> SOURCE MATERIAL:
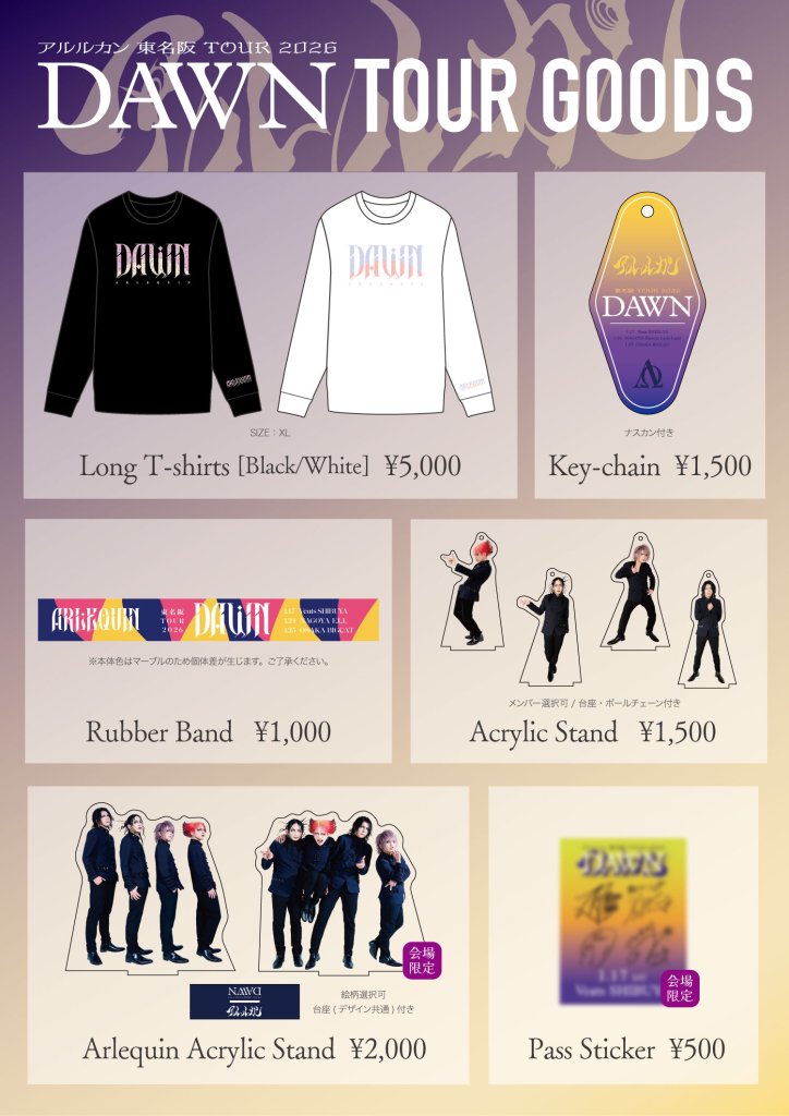 アルルカン 東名阪 TOUR「DAWN」 NEW GOODS発売&先行物販のお知らせ
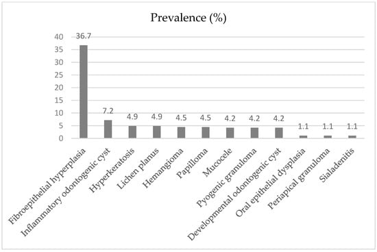 Non-neoplastic lesions were the most common in this population (75.0%), consistent with the findings of Collins et al. [28]. The most common lesion within the non-neoplastic diagnoses was fibroepithelial hyperplasia (36.7%), as in the study by Kelloway et al. [30]. Fibroepithelial hyperplasia was the most common lesion identified in this study, which was expected due to the susceptibility of the oral cavity to various traumatic and pathological stimuli. In our study, the proportion of patients using dental prostheses was high (33.7%), which is much higher than the results found in the study by Collins et al. [28] study (1.3%). Conversely, an overall higher prevalence of oral lesions has been reported in denture wearers [31,32]. Inflammatory odontogenic cyst was the second most common lesion, representing 7.2% of the total sample. This is in agreement with the study by Monteiro et al. [18], in which the odontogenic cyst was the most common lesion in the group of odontogenic tumors and cysts (8.4%). However, the prevalence may be underestimated because these lesions are often diagnosed clinically and radiographically without pathologic analysis. This is expected due to the high global and national prevalence of dental caries. More than one-third of the world’s population lives with untreated dental caries, making it the most common non-communicable disease and a major public health concern for populations and governments worldwide. The estimated global average prevalence of dental caries in permanent teeth is 29%, and the number of cases has reached more than 2 billion [10]. In Portugal, the prevalence of untreated dental caries in permanent teeth ranges from 23.3% to 30.6% [33].
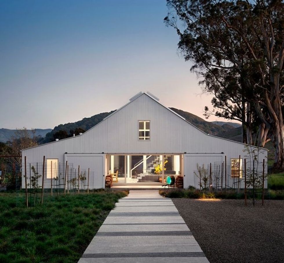 Most of the houses in this area of Sonoma County, California, are built atop the surrounding knolls. But to reach this dwelling, a visitor has to traverse the rolling hills before dropping down to the sheltered homestead. As you come up the walk to the front door (a glass portal behind traditional sliding barn doors), a sense of déjà vu comes upon you. The house seems enduringly familiar, as if the architects used some kind of sorcery to tap into our collective unconscious to channel the image of a half-remembered agrarian spread.
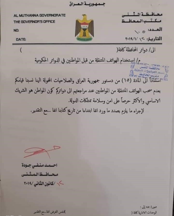 اصدر محافظ المثنى أحمد منفي جودة، قراراً يمنع فيه سحب الهواتف المتنقلة من المواطنين عند مراجعتهم إلى دوائر المحافظة.
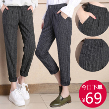 秋季女装新款毛呢女裤宽松显瘦哈伦裤英伦风条纹小脚裤大码长裤子
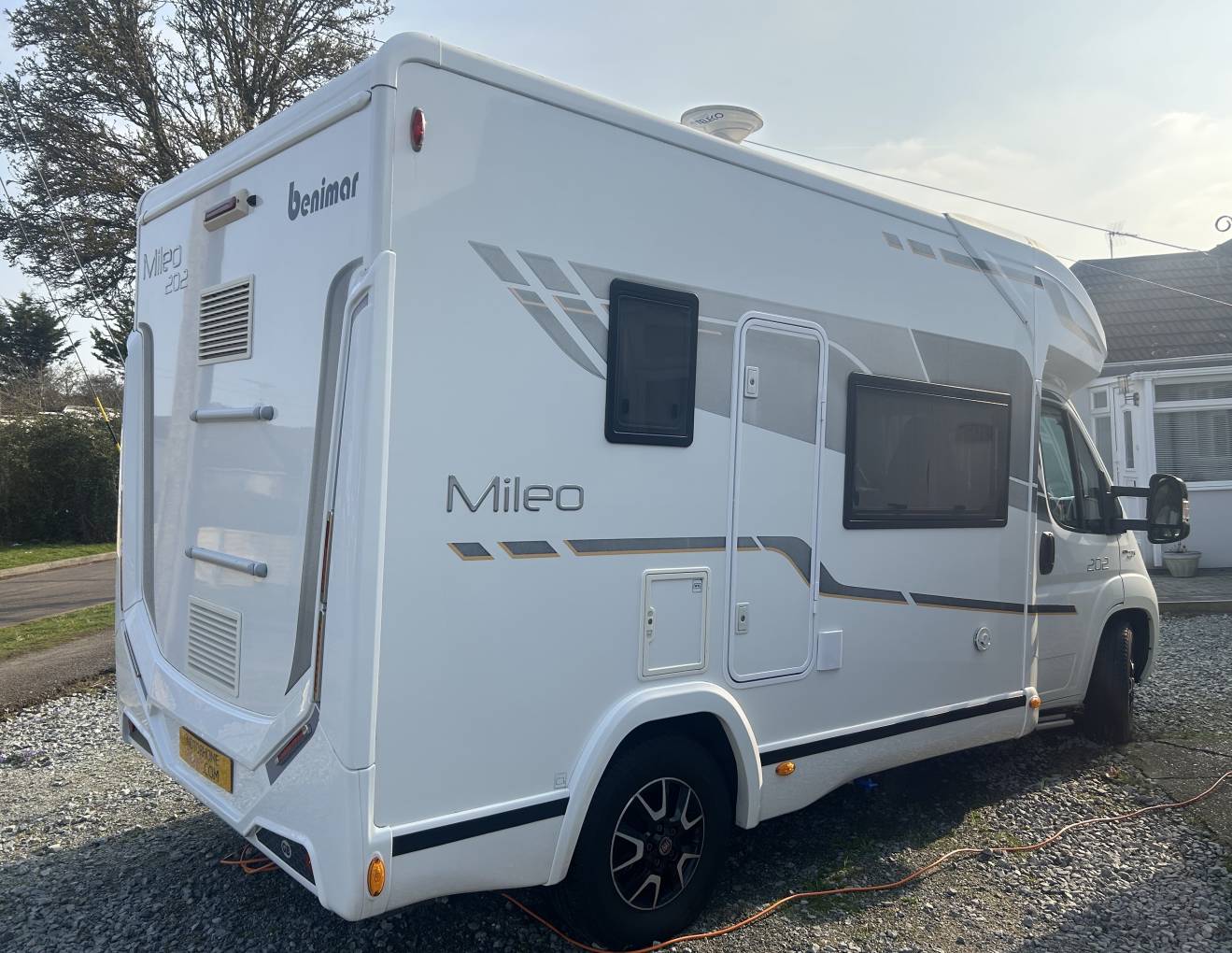 The Benimar Mileo 202 is a fantastic 4 berth compact motorhome that makes the most of the 6m available. It is perfect motorhome to keep at home and fits on most standard driveways. This internal layout is fantastic with the electric drop down bed allowing you to have a spacious front lounge, extremely well equipped kitchen, 2 double beds and generous washroom with shower. The motorhome has a good service history and habitation history, is 3500kg so call be driven on a standard driving licence as is Euro 6 so ULEZ compliant. It is the ideal motorhome for anyone looking to travel around the UK or even over to Europe.
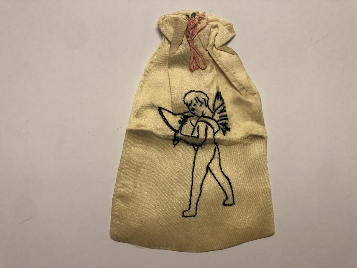 Öskupoka sendir Arnold. Handsaumaðir úr hvítu silki og ísaumaðir með svokölluðu „Flokk-silki“. Með kögri og stundum dúskum. Fallega dregnir saman. Amor með boga saumað með svörtu.
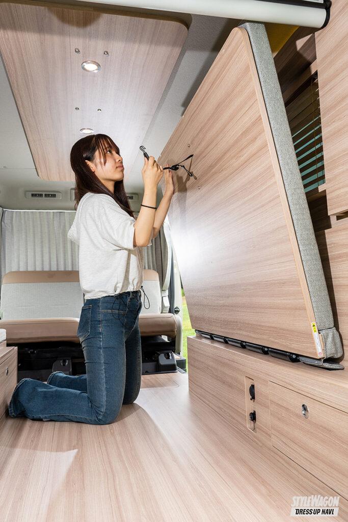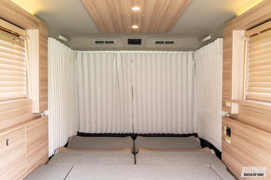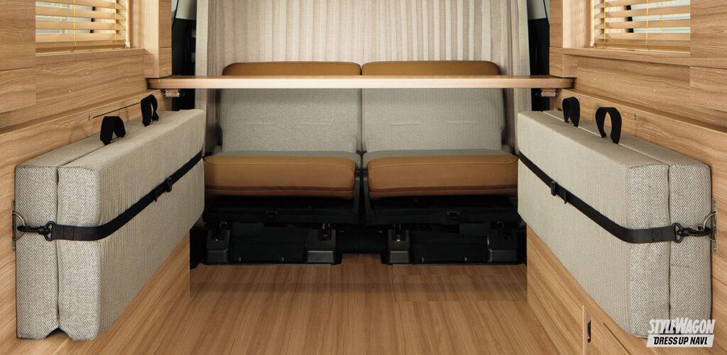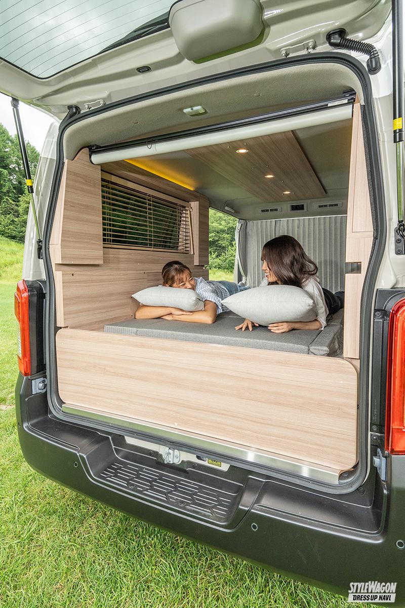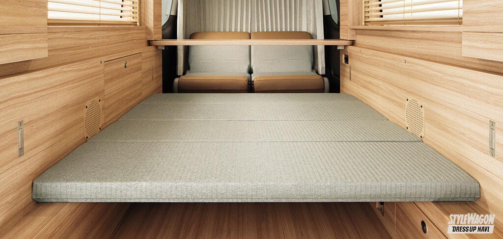 車中泊の要となるベッドキットは2種類用意される。撮影車両は架装オプションとなる「跳ね上げベッド」で、使わない時は壁面に立てかけて固定する。ベッドサイズは幅1204mm、ベッド長2192mm(シート部分含む)、ベッド上高さ970mm。大人ふたりが寝るには十分すぎる広さだ。また、ベッド下が収納スペースになるのもうれしいポイント。ベッド下の高さは256mm確保しているので、嵩張りがちな着替えなども放り込んでおける。
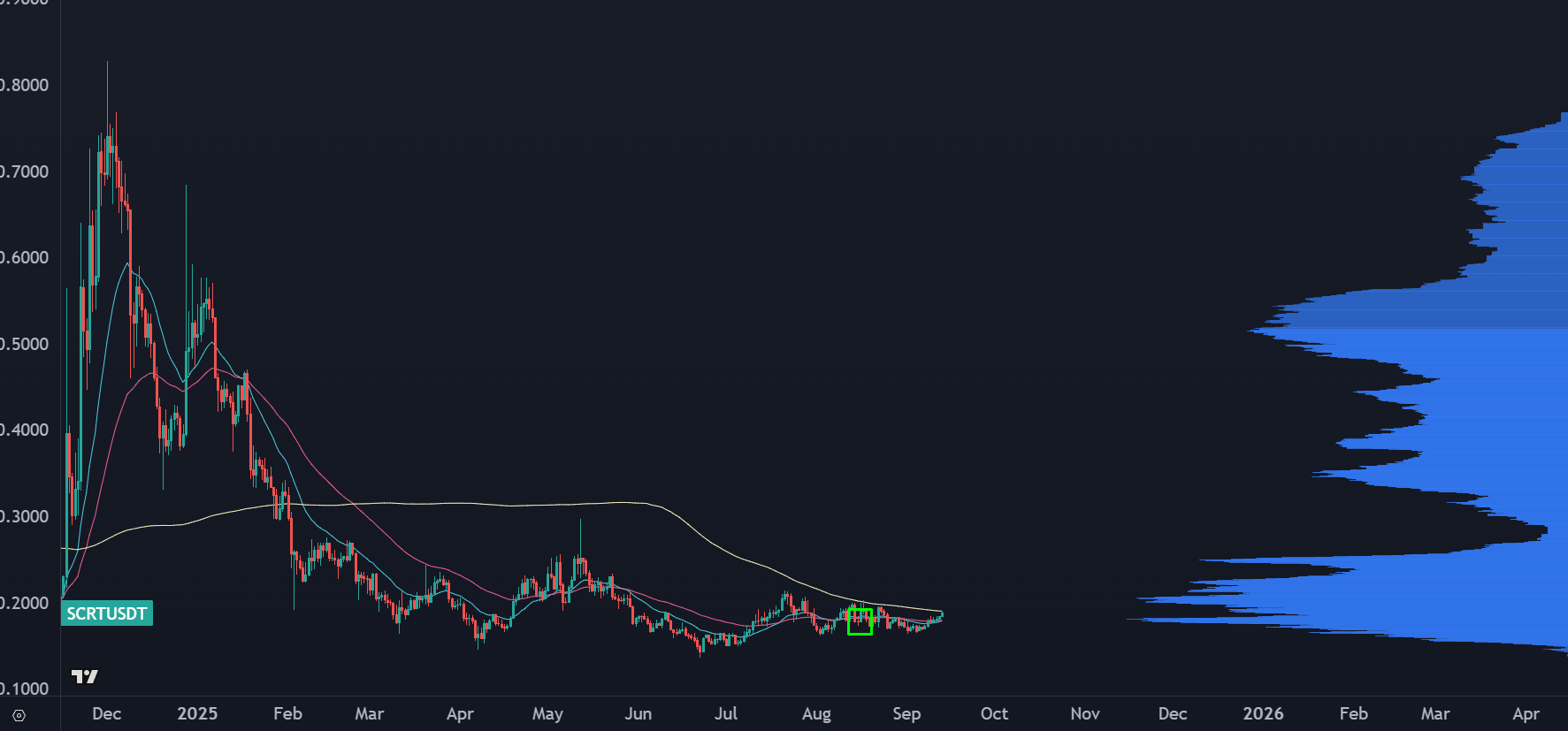 The price alert for SCRTUSDT is at 0.19, and the token’s trading at 0.1884, so a small loss.

> TASK DESCRIPTION: Copy word for word the span of the records above that begins at the line with "Öskupoka sendir Arnold." and ends at the line with "車中泊の要となるベッドキット", including those two lines but not the pictures.

> COMPLETED TASK:
 Öskupoka sendir Arnold. Handsaumaðir úr hvítu silki og ísaumaðir með svokölluðu „Flokk-silki“. Með kögri og stundum dúskum. Fallega dregnir saman. Amor með boga saumað með svörtu.
 車中泊の要となるベッドキットは2種類用意される。撮影車両は架装オプションとなる「跳ね上げベッド」で、使わない時は壁面に立てかけて固定する。ベッドサイズは幅1204mm、ベッド長2192mm(シート部分含む)、ベッド上高さ970mm。大人ふたりが寝るには十分すぎる広さだ。また、ベッド下が収納スペースになるのもうれしいポイント。ベッド下の高さは256mm確保しているので、嵩張りがちな着替えなども放り込んでおける。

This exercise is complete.